Я все к тебе собираюсь, да боюсь карантинов, ныне никак нельзя, пускаясь в дорогу, быть уверенным во времени проезда. Вместо трехдневной езды, того и гляди, что высидишь три недели в карантине; шутка!.. Ты пишешь мне о каком-то критическом разговоре, которого я еще не читал*. Если бы ты читал наши журналы, то увидел бы, что все, что называют у нас критикой, одинаково глупо и смешно. С моей стороны я отступился; возражать серьезно - невозможно, а паясничать перед публикой не намерен. Да к тому же ни критика, ни публика не достойны дельных возражений. Нынче осенью займусь литературой, а зимой зароюсь в архивы, куда вход мне дозволен царем**. Царь со мной очень милостив и любезен. Того и гляди, попаду во временщики... Прощай, душа, не ленись и будь здоров.

* (Речь идет об анонимной брошюре, в которой критические суждения о "Борисе Годунове" были даны в форме разговора - безграмотной болтовни помещика Петра Алексеевича с странствующим учителем Ермилом Сергеевичем.)

** (Николай I разрешил Пушкину доступ в архивы для написания истории Петра I и назначил ему жалованье.)

(ПУШКИН - П. В. НАЩОКИНУ*, 21 июля 1831 а., Царское Село)

* (Павел Воинович Нащокин (1800-1854) один из ближайших московских друзей Пушкина, любитель литературы, человек образованный, яркий рассказчик; Пушкин неоднократно убеждал его взяться за писание мемуаров, даже сам начал их писать под диктовку Нащокина, но тот по безалаберности так почти и не продолжил их.)

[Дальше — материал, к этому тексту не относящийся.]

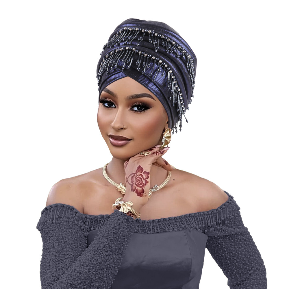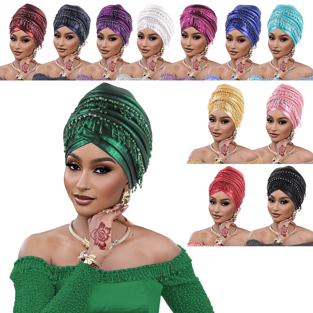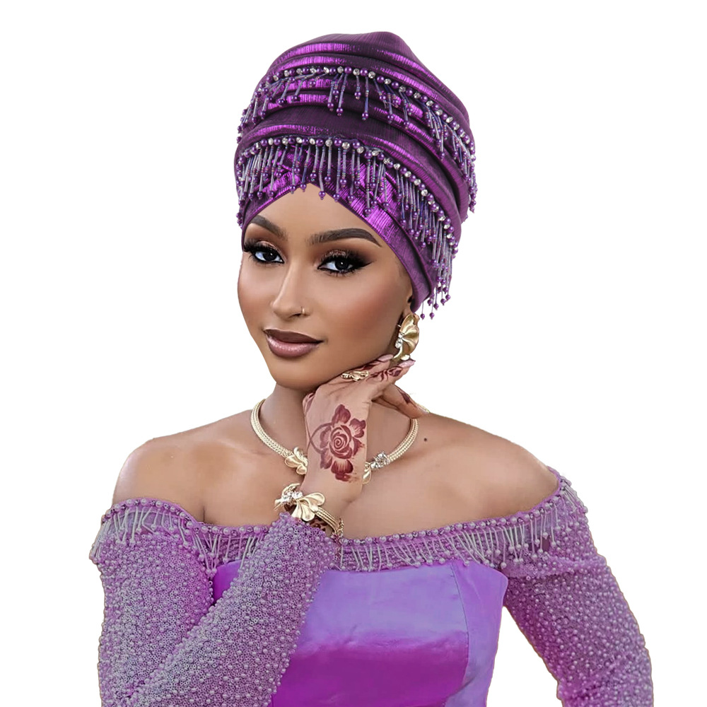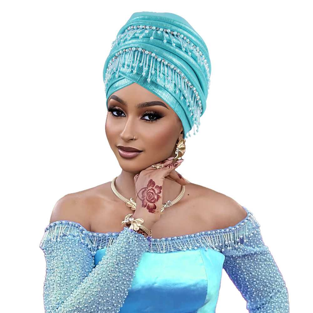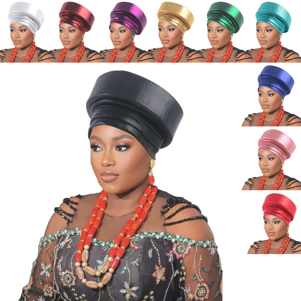 外国貿易の新型粘着ドリル重工亮糸積層包帯ナイジェリア結婚式パーティーauto gel包頭帽子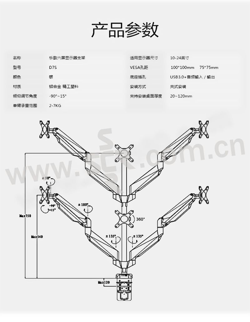 LOCTEK/乐歌 电脑显示器支架 D7S 六屏 适用尺寸:17~27英寸 1个

Любезный Николай Васильевич,

Очень благодарю Вас за письмо... Поздравляю Вас с первым Вашим торжеством, с фырканьем наборщиков и изъяснениями фактора... У нас все благополучно: бунтов, наводнения и холеры нет. Жуковский расписался; я чую осень и собираюсь засесть... Будьте живы в Петербурге, что довольно, кажется, мудрено.

(ПУШКИН - Н. В. ГОГОЛЮ* 25 августа 1831 г., Царское Село)

* (Пушкин отвечает на письмо Гоголя, в котором тот рассказал о своей встрече с наборщиками типографии, набиравшими первый том "Вечеров на хуторе близ Диканьки"; фактором назывался старший исполнитель типографских работ.)

Ваше превосходительство изволили требовать от меня объяснения, каким образом стихотворение мое, Древо яда, было напечатано в альманахе без предварительного рассмотрения государя императора: спешу ответствовать на запрос Вашего высокопревосходительства.

Я всегда твердо был уверен, что высочайшая милость, коей неожиданно был я удостоен, не лишает меня и права, данного государем всем его подданным: печатать с дозволения цензуры. В течение последних шести лет во всех журналах и альманахах, с ведома моего и без ведома, стихотворения мои печатались беспрепятственно, и никогда не было о том ни малейшего замечания ни мне, ни цензуре. Даже я, совестясь беспокоить поминутно его величество, раза два обратился к Вашему покровительству, когда цензура недоумевала, и имел счастие найти в Вас более снисходительности, нежели в ней.

Имея необходимость объяснить лично Вашему высокопревосходительству некоторые затруднения, осмеливаюсь просить Вас назначить час, когда мне можно будет явиться.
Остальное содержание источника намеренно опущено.